[Stored data entries]
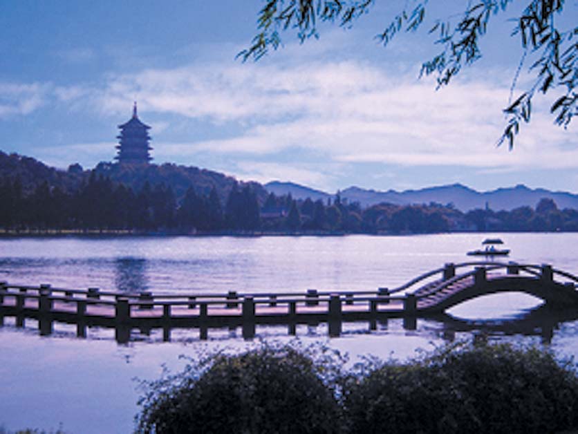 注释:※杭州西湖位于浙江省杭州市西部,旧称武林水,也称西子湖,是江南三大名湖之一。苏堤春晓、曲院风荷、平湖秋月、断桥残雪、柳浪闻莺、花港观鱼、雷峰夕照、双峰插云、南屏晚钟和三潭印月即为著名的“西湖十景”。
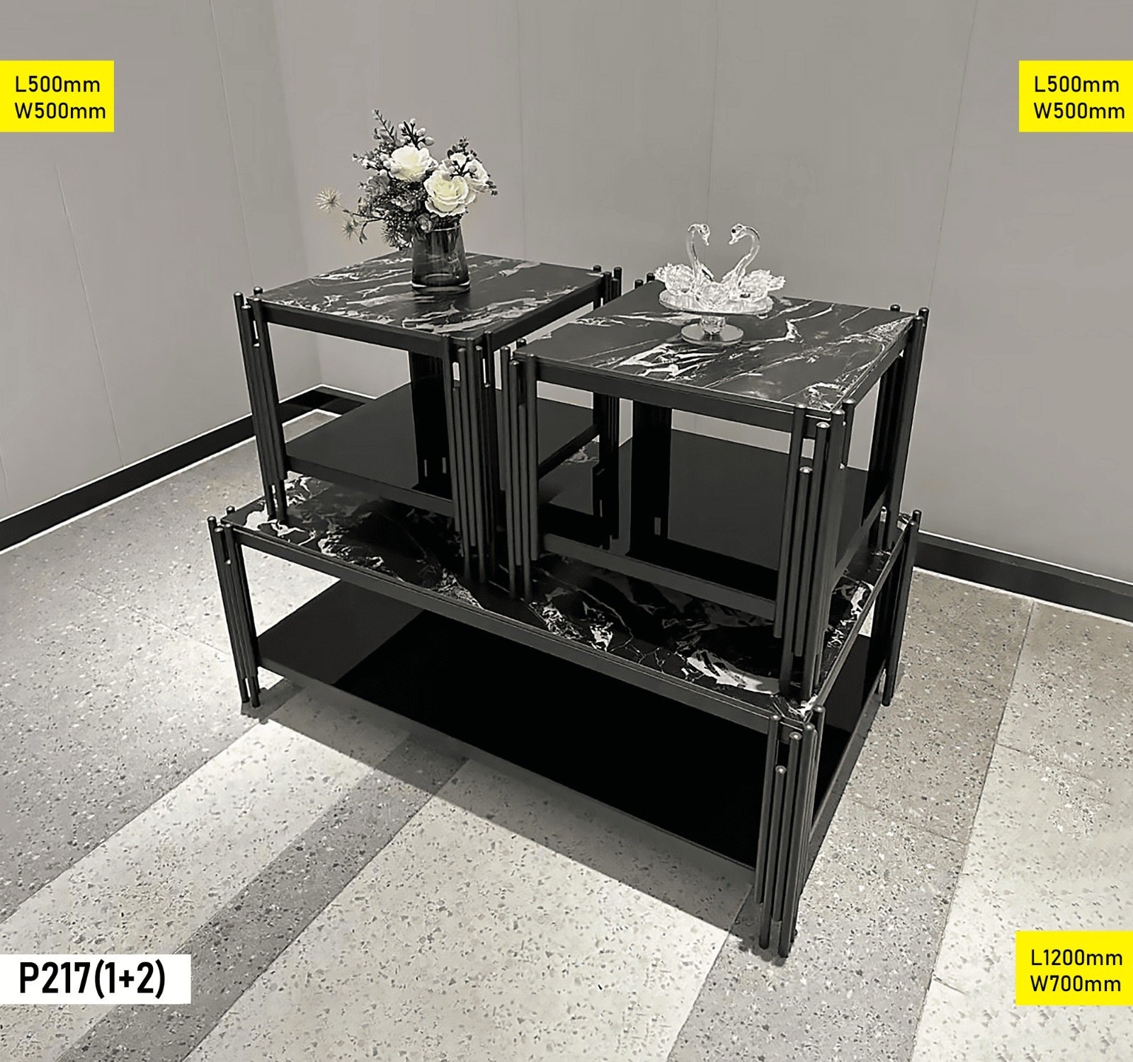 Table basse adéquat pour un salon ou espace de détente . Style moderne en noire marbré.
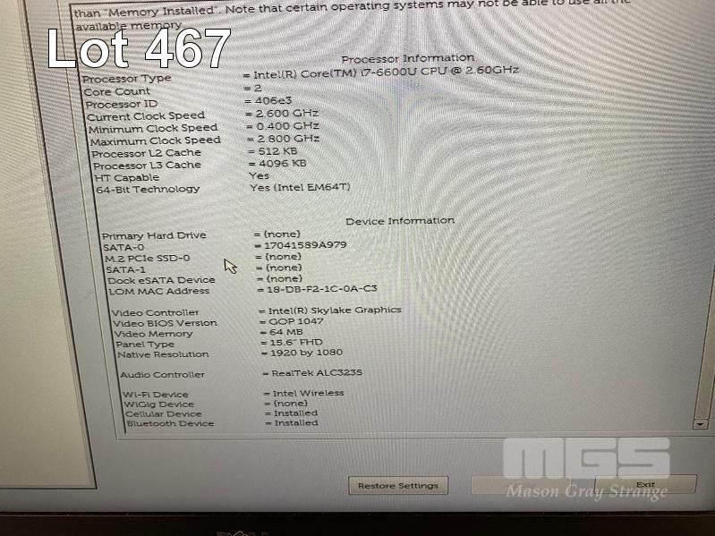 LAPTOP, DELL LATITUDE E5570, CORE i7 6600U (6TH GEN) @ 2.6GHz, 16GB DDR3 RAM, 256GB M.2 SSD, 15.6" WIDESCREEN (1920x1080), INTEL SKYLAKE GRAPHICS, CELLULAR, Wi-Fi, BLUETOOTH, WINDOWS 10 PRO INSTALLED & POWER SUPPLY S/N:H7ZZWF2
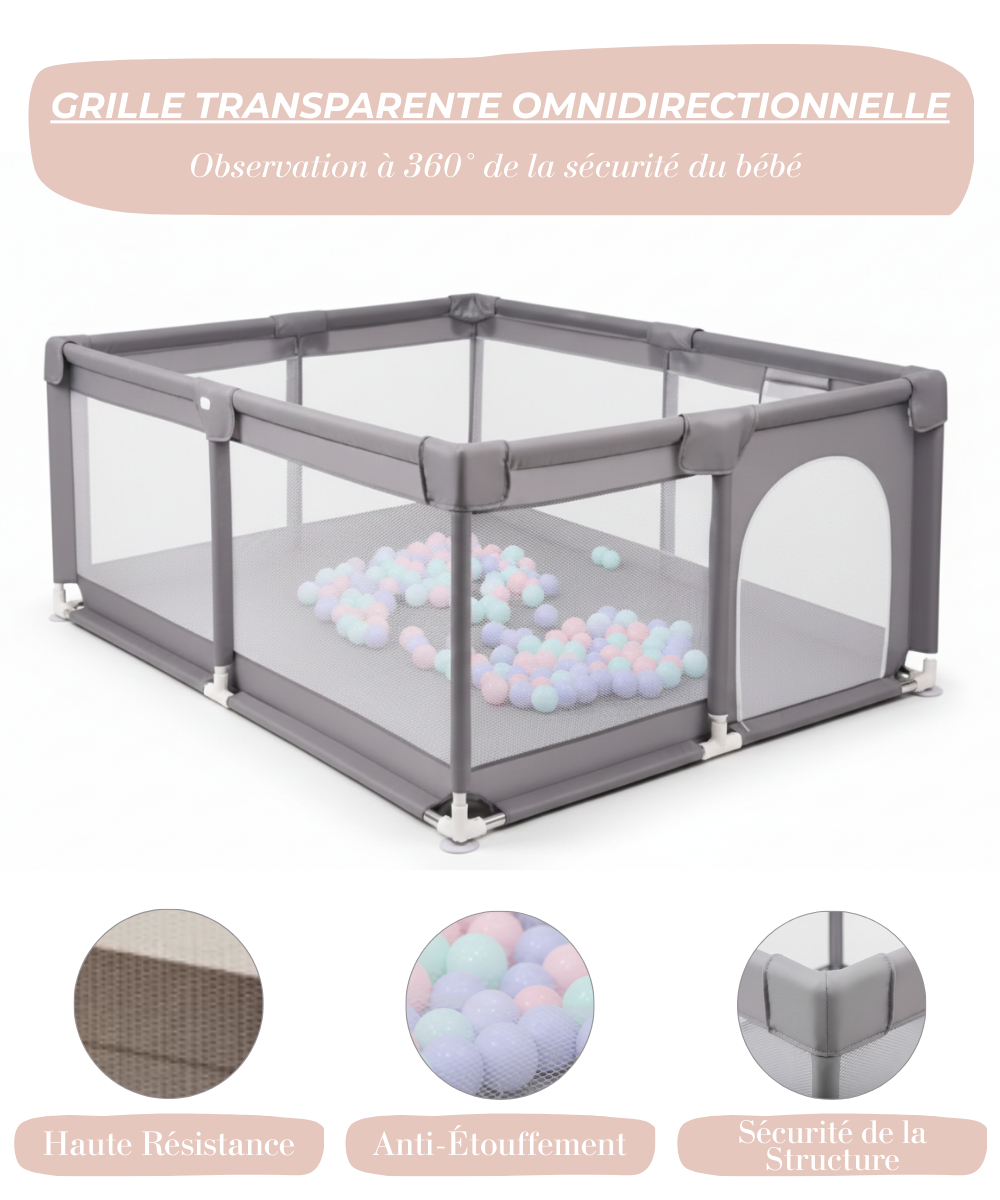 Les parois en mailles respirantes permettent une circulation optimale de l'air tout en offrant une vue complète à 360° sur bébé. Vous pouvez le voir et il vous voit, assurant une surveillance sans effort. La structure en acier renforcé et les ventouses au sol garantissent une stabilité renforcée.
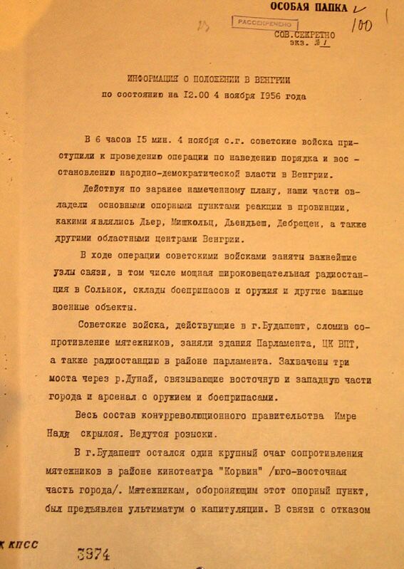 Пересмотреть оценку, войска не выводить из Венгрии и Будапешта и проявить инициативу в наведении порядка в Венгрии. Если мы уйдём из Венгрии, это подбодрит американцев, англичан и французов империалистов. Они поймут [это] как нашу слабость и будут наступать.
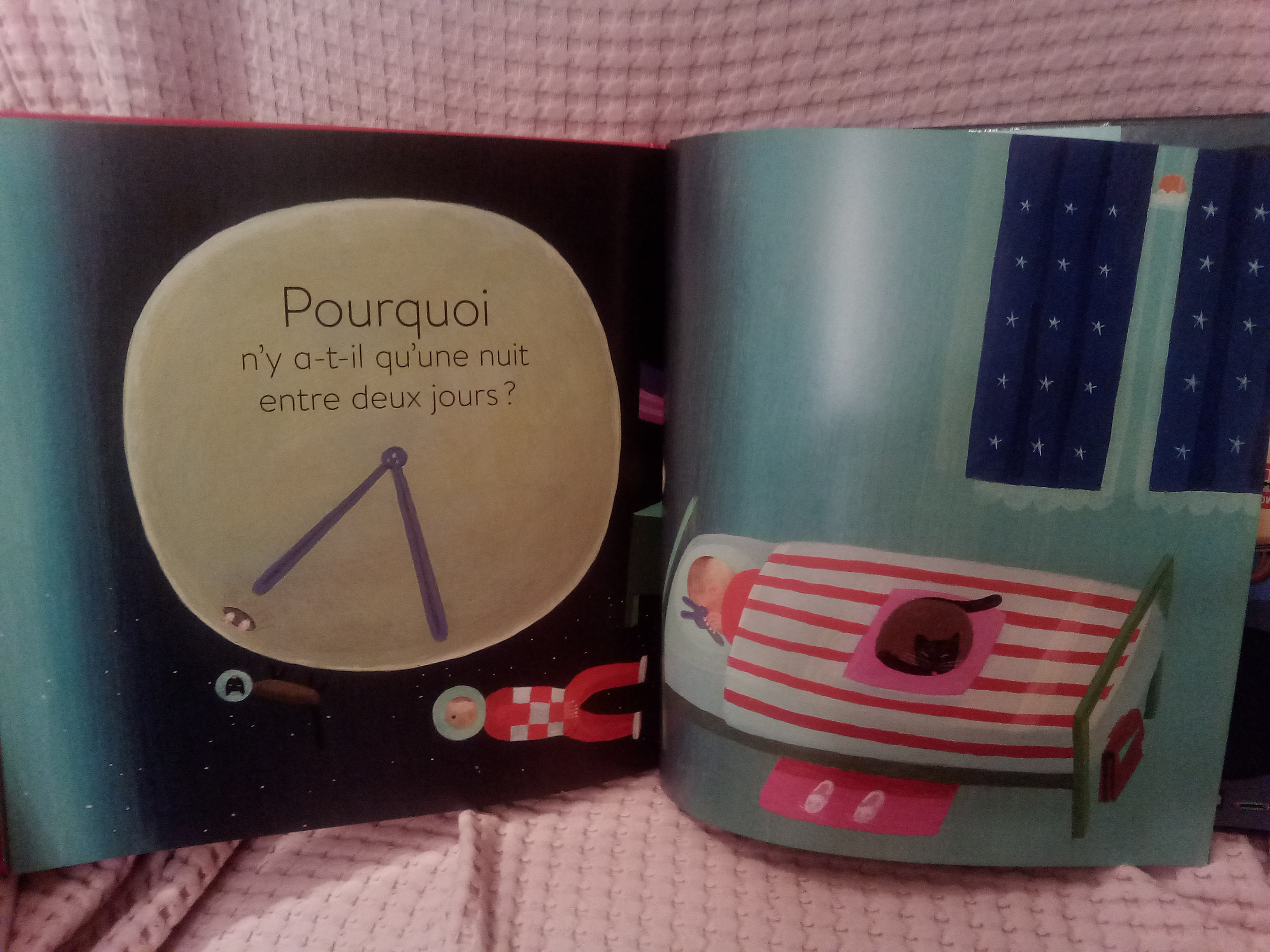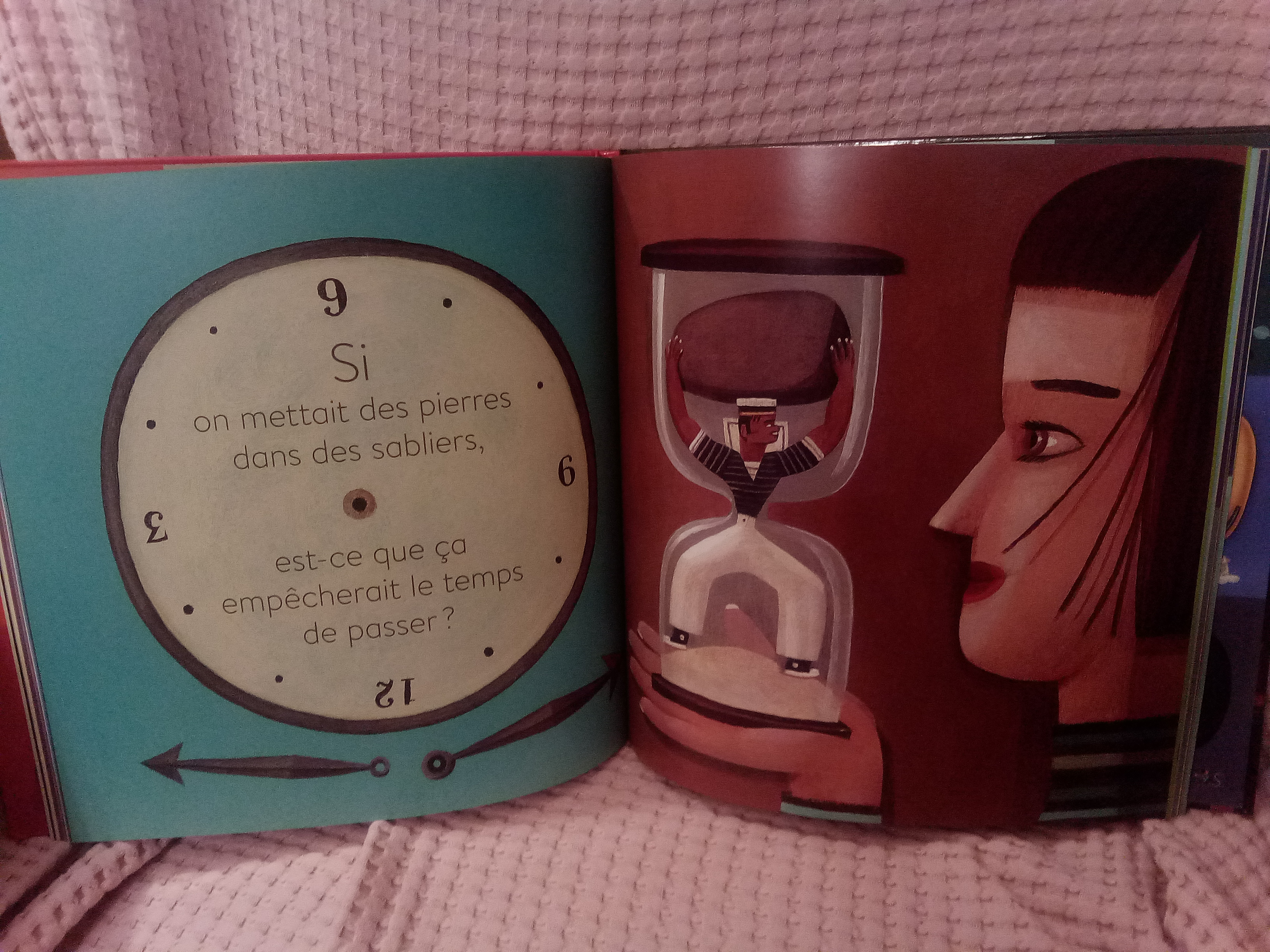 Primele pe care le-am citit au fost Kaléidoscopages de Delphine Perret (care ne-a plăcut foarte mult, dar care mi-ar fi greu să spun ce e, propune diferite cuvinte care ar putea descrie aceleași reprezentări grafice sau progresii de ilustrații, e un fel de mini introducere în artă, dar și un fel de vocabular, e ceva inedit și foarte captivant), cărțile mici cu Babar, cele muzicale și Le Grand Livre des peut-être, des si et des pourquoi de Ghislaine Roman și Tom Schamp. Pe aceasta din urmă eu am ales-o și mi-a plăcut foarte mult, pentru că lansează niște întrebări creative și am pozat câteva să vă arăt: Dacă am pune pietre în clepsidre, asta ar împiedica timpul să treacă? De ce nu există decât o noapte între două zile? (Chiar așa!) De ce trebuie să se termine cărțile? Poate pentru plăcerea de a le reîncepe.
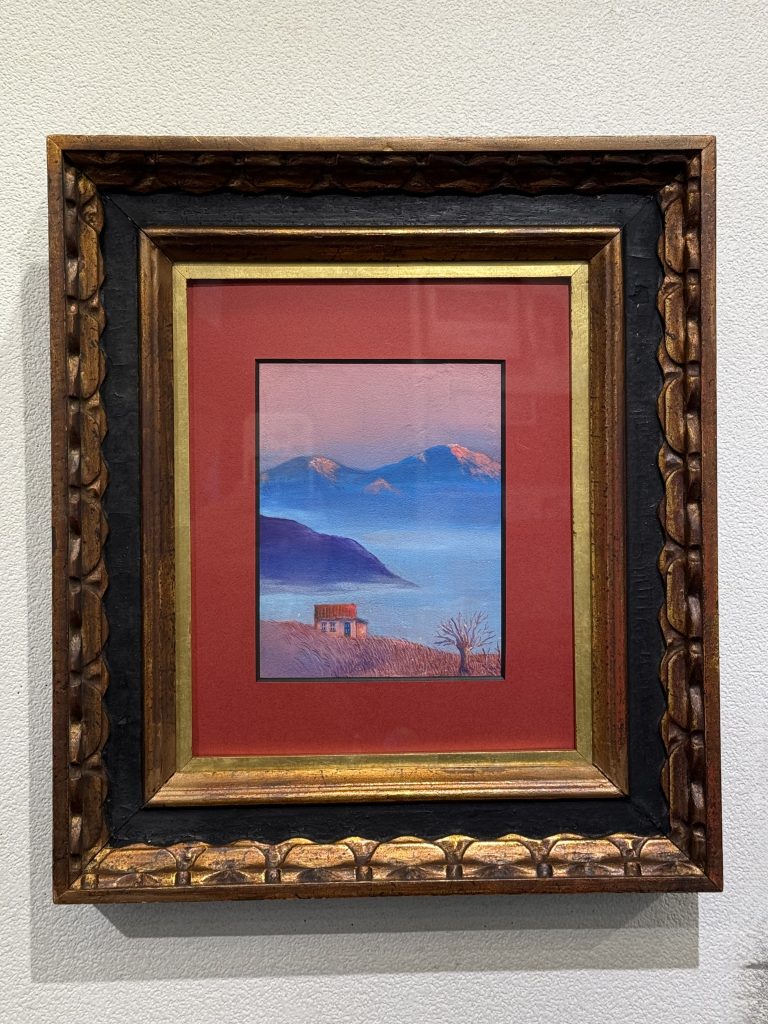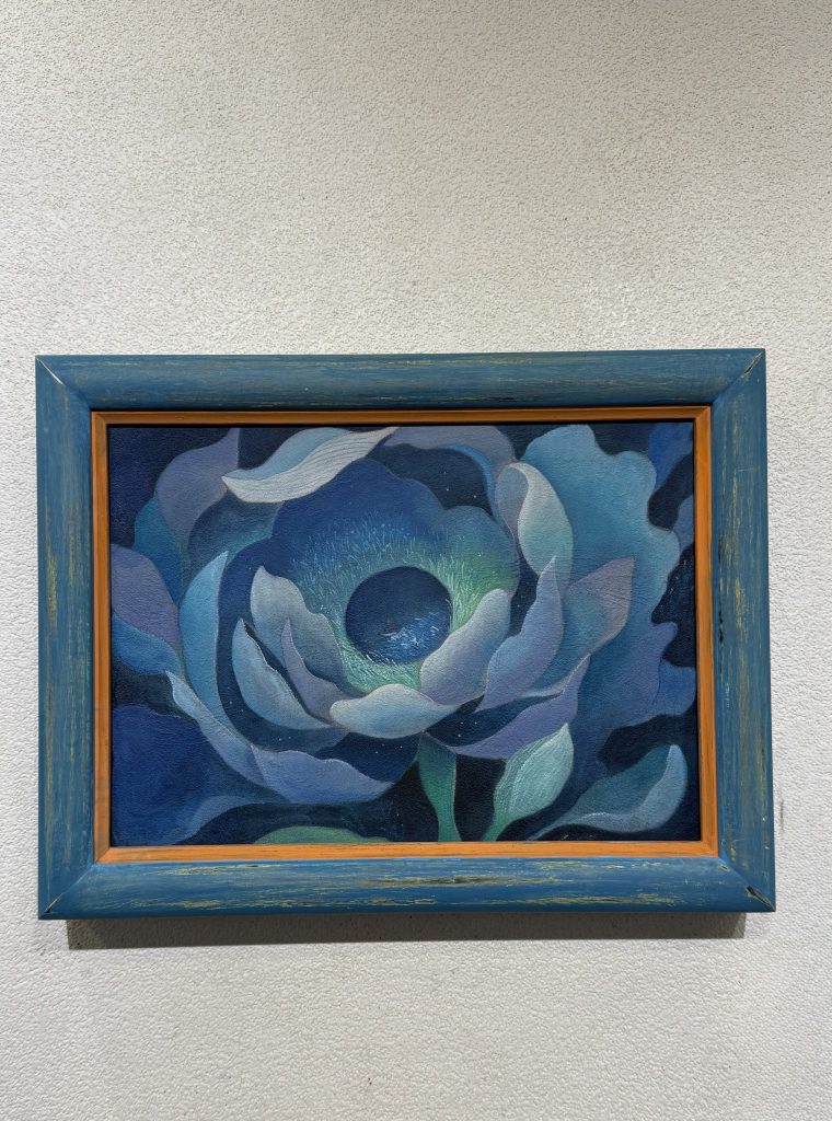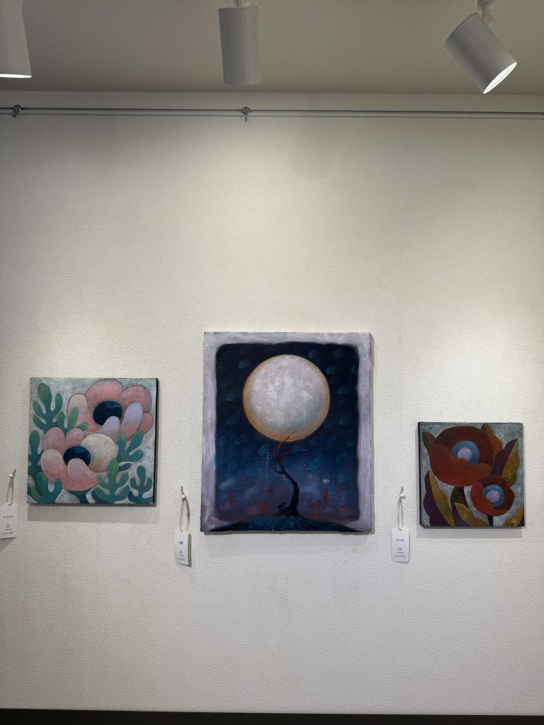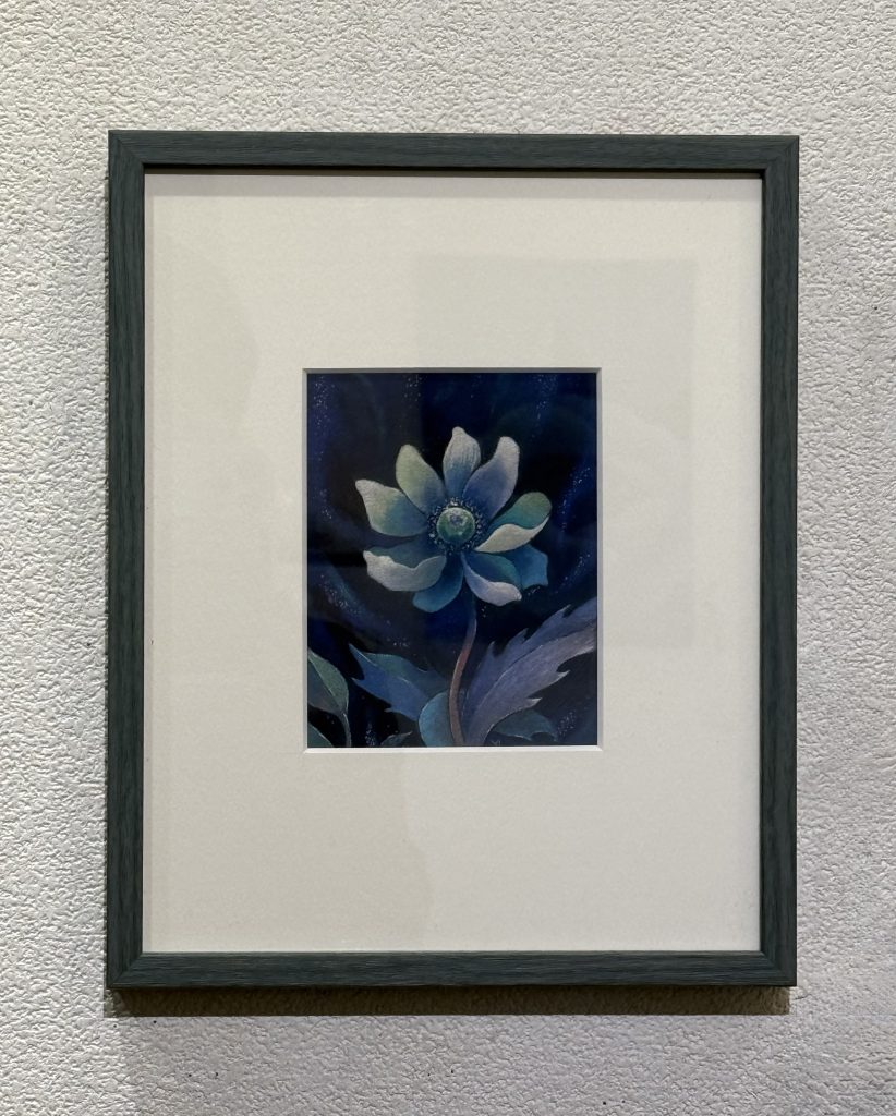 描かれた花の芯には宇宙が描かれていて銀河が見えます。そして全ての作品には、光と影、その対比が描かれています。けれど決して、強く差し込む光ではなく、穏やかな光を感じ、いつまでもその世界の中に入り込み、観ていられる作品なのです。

_Task details_:
In the data above, the stretch from the line with "LAPTOP, DELL LATITUDE" through the line with "Les parois en" is to be returned exactly, minus any pictures.

_Exercise answer_:
 LAPTOP, DELL LATITUDE E5570, CORE i7 6600U (6TH GEN) @ 2.6GHz, 16GB DDR3 RAM, 256GB M.2 SSD, 15.6" WIDESCREEN (1920x1080), INTEL SKYLAKE GRAPHICS, CELLULAR, Wi-Fi, BLUETOOTH, WINDOWS 10 PRO INSTALLED & POWER SUPPLY S/N:H7ZZWF2
 Les parois en mailles respirantes permettent une circulation optimale de l'air tout en offrant une vue complète à 360° sur bébé. Vous pouvez le voir et il vous voit, assurant une surveillance sans effort. La structure en acier renforcé et les ventouses au sol garantissent une stabilité renforcée.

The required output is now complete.